> [Instructions to follow]:
After dropping the pictures, give again exactly the lines of the data from its first line through the line with "이렇게 중첩된 객체에서", which is included as well.

> [Supplied records]:

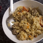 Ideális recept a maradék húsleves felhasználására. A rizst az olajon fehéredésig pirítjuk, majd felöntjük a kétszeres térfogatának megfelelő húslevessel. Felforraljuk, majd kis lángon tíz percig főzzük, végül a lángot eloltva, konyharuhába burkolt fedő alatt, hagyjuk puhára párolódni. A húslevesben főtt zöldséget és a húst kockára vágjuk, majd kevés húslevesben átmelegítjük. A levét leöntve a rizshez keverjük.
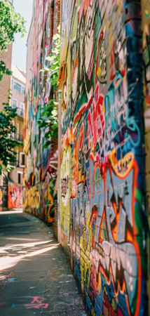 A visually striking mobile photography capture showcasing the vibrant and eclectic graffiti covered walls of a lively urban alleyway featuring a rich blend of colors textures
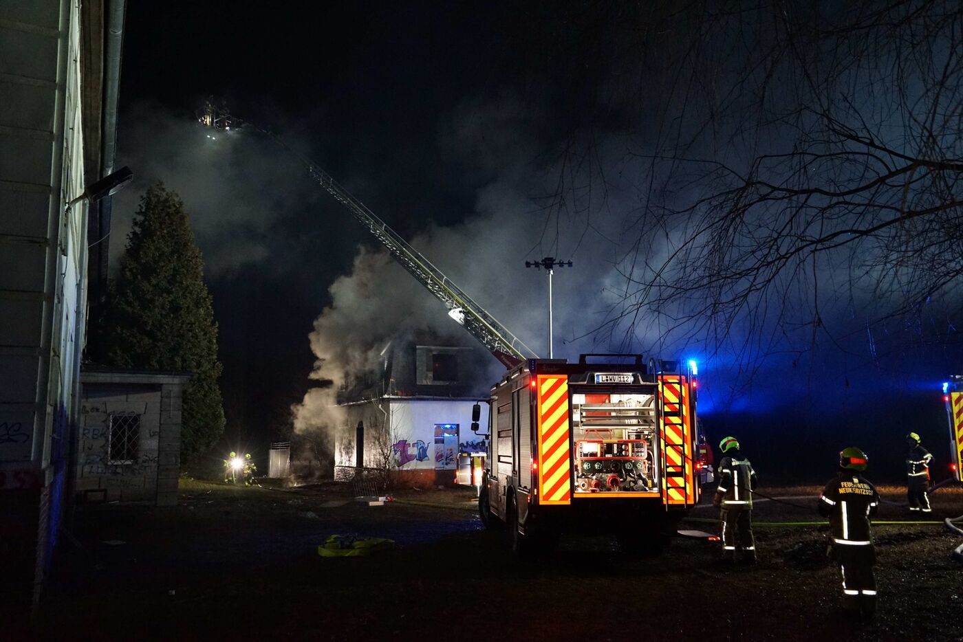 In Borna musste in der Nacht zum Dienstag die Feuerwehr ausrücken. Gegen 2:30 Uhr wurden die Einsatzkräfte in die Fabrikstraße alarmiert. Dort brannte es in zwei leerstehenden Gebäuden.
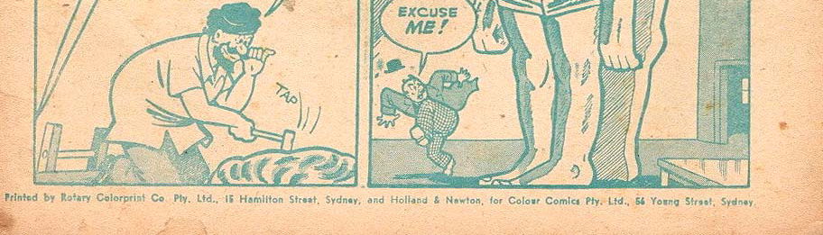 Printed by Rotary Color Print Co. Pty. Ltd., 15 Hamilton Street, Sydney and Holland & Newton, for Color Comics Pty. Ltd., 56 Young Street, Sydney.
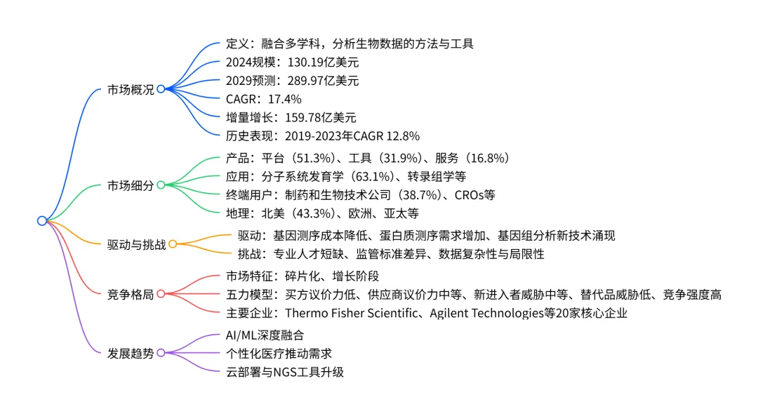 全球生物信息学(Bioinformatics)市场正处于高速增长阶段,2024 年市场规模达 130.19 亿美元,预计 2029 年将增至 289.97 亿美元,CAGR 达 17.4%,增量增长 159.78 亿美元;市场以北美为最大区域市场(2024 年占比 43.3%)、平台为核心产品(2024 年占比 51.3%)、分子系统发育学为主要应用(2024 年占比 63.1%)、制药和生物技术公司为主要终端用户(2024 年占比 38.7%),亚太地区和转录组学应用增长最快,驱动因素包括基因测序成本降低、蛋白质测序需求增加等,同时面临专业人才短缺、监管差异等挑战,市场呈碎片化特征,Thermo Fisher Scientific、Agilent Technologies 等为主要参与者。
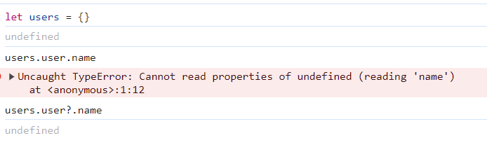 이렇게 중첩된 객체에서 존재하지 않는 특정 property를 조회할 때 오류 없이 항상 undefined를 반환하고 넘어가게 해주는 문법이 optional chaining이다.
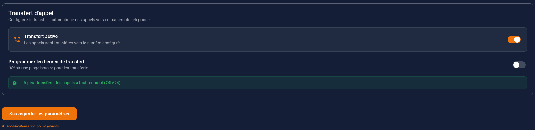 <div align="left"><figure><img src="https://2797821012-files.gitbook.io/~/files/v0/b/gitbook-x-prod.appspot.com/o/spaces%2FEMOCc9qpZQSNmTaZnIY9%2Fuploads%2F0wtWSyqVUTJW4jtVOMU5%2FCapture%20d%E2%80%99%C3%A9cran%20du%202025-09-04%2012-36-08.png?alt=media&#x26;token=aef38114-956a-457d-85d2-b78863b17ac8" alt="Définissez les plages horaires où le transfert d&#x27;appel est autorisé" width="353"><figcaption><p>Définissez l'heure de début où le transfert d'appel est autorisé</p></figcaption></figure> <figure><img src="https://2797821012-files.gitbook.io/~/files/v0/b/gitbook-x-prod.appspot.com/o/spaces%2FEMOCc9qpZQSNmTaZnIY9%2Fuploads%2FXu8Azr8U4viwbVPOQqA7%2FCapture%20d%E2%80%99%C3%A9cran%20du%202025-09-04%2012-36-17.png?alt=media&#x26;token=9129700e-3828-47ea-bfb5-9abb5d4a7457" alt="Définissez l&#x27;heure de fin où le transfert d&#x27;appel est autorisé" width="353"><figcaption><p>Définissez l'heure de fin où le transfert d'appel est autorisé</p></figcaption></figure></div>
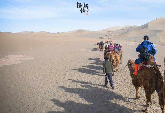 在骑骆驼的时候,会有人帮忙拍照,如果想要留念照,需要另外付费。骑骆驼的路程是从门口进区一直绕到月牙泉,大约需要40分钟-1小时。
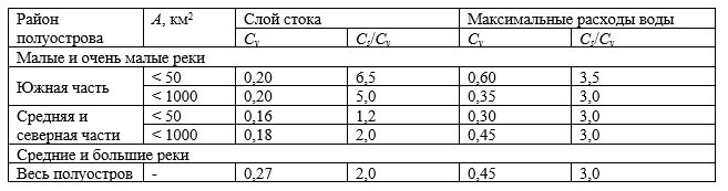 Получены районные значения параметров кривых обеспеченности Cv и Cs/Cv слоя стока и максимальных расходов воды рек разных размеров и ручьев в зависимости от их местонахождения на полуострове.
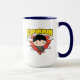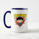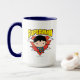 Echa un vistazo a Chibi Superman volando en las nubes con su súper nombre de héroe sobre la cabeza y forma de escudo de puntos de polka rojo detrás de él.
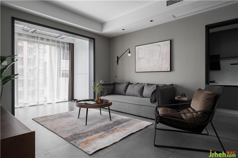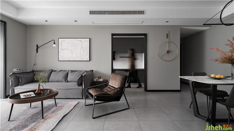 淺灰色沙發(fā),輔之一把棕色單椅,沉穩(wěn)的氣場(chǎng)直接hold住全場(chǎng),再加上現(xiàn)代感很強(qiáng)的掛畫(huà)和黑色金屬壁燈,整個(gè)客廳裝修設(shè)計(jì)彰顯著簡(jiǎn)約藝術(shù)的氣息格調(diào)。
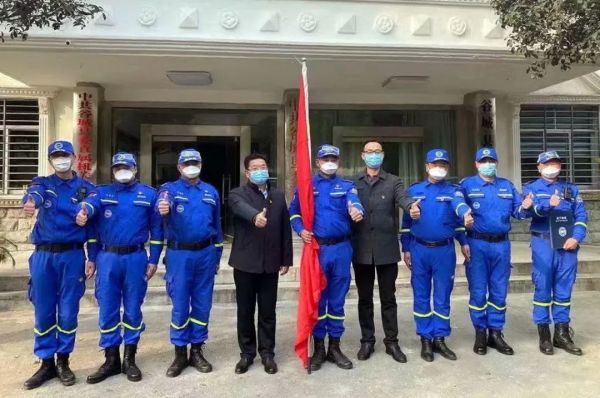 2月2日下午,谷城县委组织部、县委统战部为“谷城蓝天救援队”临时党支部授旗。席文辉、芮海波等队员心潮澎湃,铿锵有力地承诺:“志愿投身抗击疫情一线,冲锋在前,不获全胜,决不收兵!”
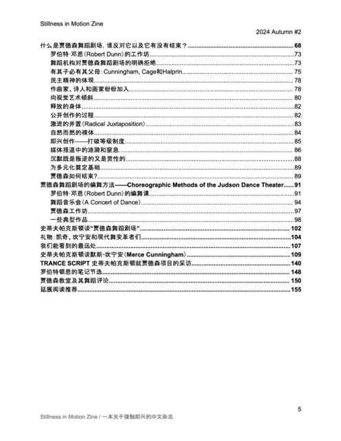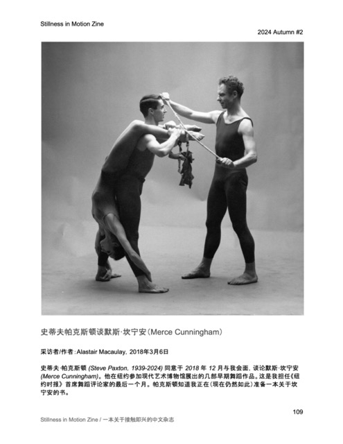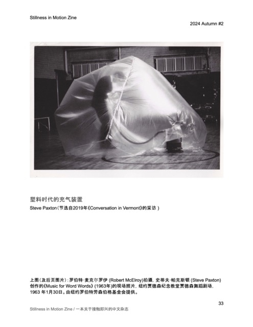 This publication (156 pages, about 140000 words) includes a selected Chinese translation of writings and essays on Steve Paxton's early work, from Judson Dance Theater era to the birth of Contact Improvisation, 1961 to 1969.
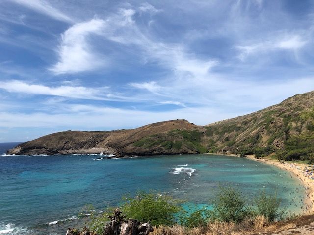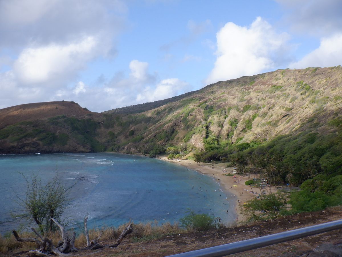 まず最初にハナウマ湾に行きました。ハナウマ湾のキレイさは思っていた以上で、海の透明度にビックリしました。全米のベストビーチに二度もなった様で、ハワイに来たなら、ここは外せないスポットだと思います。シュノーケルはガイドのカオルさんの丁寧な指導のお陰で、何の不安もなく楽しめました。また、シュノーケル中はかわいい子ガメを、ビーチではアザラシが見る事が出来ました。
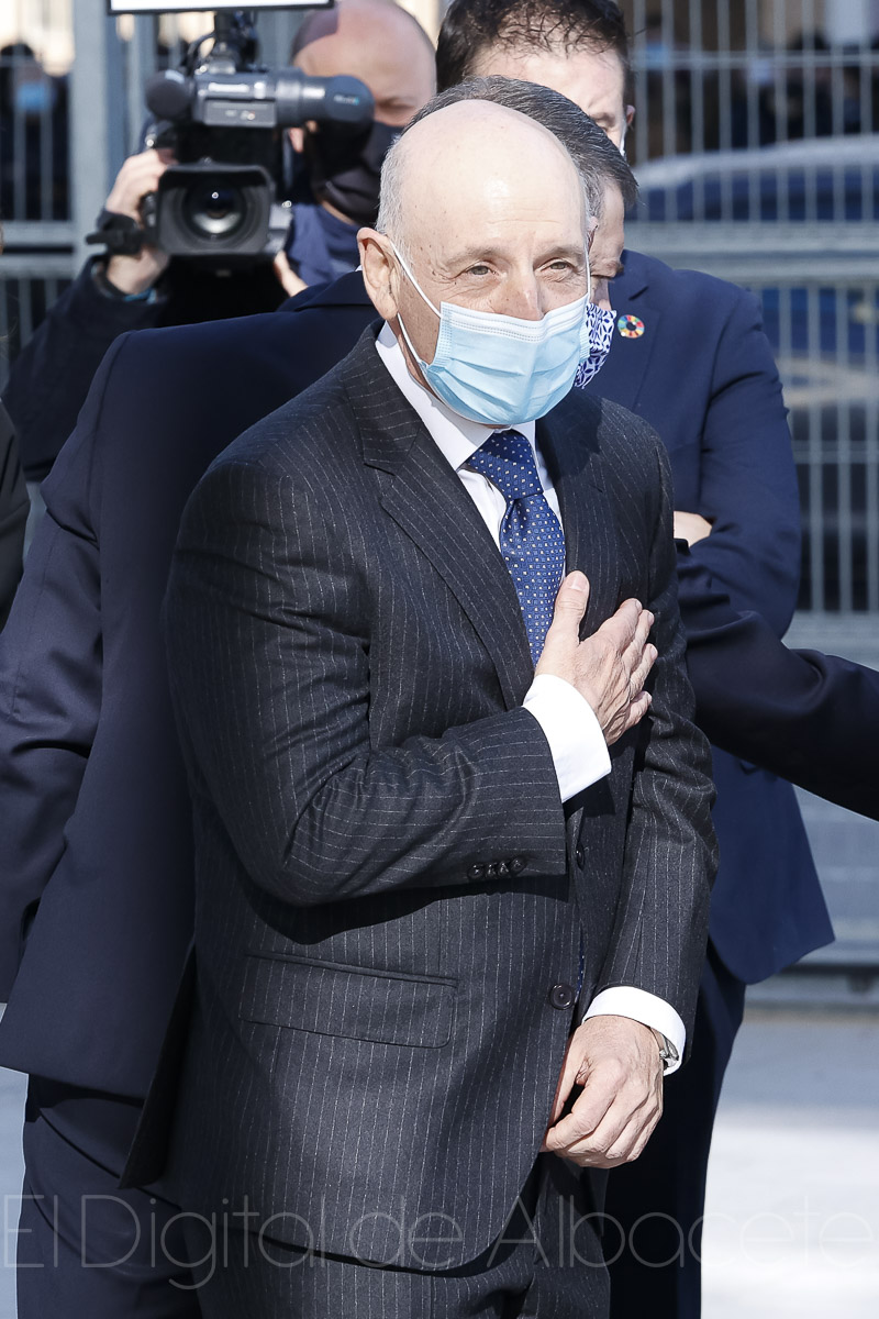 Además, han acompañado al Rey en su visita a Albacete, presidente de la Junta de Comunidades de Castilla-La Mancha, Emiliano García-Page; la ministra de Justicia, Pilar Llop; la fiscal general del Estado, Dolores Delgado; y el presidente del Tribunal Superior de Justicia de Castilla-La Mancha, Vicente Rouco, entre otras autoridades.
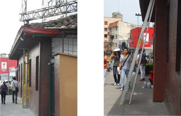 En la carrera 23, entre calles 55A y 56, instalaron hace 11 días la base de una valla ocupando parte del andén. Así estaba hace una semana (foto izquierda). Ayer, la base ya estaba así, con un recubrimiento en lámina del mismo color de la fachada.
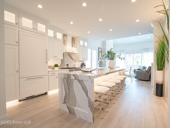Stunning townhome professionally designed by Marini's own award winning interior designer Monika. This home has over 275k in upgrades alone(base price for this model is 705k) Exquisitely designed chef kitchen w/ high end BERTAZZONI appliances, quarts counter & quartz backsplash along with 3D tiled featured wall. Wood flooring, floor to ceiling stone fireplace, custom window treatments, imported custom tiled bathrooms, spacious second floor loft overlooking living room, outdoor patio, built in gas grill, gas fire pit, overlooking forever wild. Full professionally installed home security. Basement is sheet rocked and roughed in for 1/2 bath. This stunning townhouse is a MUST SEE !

> [Your solution]:
 Ideális recept a maradék húsleves felhasználására. A rizst az olajon fehéredésig pirítjuk, majd felöntjük a kétszeres térfogatának megfelelő húslevessel. Felforraljuk, majd kis lángon tíz percig főzzük, végül a lángot eloltva, konyharuhába burkolt fedő alatt, hagyjuk puhára párolódni. A húslevesben főtt zöldséget és a húst kockára vágjuk, majd kevés húslevesben átmelegítjük. A levét leöntve a rizshez keverjük.
 A visually striking mobile photography capture showcasing the vibrant and eclectic graffiti covered walls of a lively urban alleyway featuring a rich blend of colors textures
 In Borna musste in der Nacht zum Dienstag die Feuerwehr ausrücken. Gegen 2:30 Uhr wurden die Einsatzkräfte in die Fabrikstraße alarmiert. Dort brannte es in zwei leerstehenden Gebäuden.
 Printed by Rotary Color Print Co. Pty. Ltd., 15 Hamilton Street, Sydney and Holland & Newton, for Color Comics Pty. Ltd., 56 Young Street, Sydney.
 全球生物信息学(Bioinformatics)市场正处于高速增长阶段,2024 年市场规模达 130.19 亿美元,预计 2029 年将增至 289.97 亿美元,CAGR 达 17.4%,增量增长 159.78 亿美元;市场以北美为最大区域市场(2024 年占比 43.3%)、平台为核心产品(2024 年占比 51.3%)、分子系统发育学为主要应用(2024 年占比 63.1%)、制药和生物技术公司为主要终端用户(2024 年占比 38.7%),亚太地区和转录组学应用增长最快,驱动因素包括基因测序成本降低、蛋白质测序需求增加等,同时面临专业人才短缺、监管差异等挑战,市场呈碎片化特征,Thermo Fisher Scientific、Agilent Technologies 等为主要参与者。
 이렇게 중첩된 객체에서 존재하지 않는 특정 property를 조회할 때 오류 없이 항상 undefined를 반환하고 넘어가게 해주는 문법이 optional chaining이다.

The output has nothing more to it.